■ Task instructions
Copy the data below exactly. Any pictures in it should be omitted.

■ Collected material
· · · ·

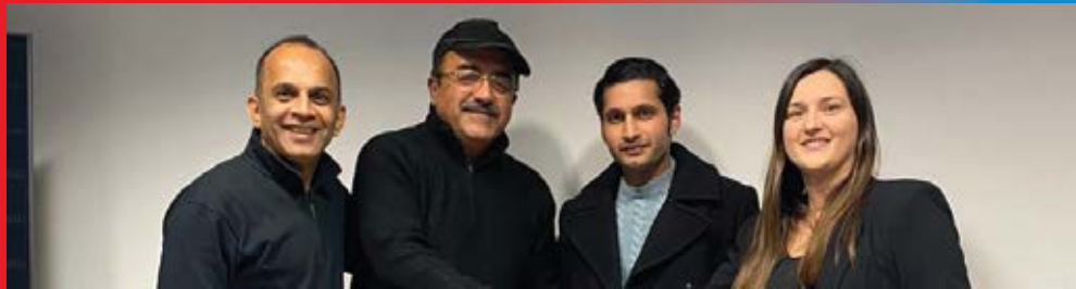
First Hi-Tech PV Recycling Plant
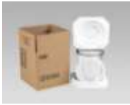
Gallon Page 3
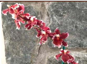
Oip. Crimson Pride 'MAC 136' Monica Sparber

· · · ·

■ Response for this exercise
First Hi-Tech PV Recycling Plant
Gallon Page 3
Oip. Crimson Pride 'MAC 136' Monica Sparber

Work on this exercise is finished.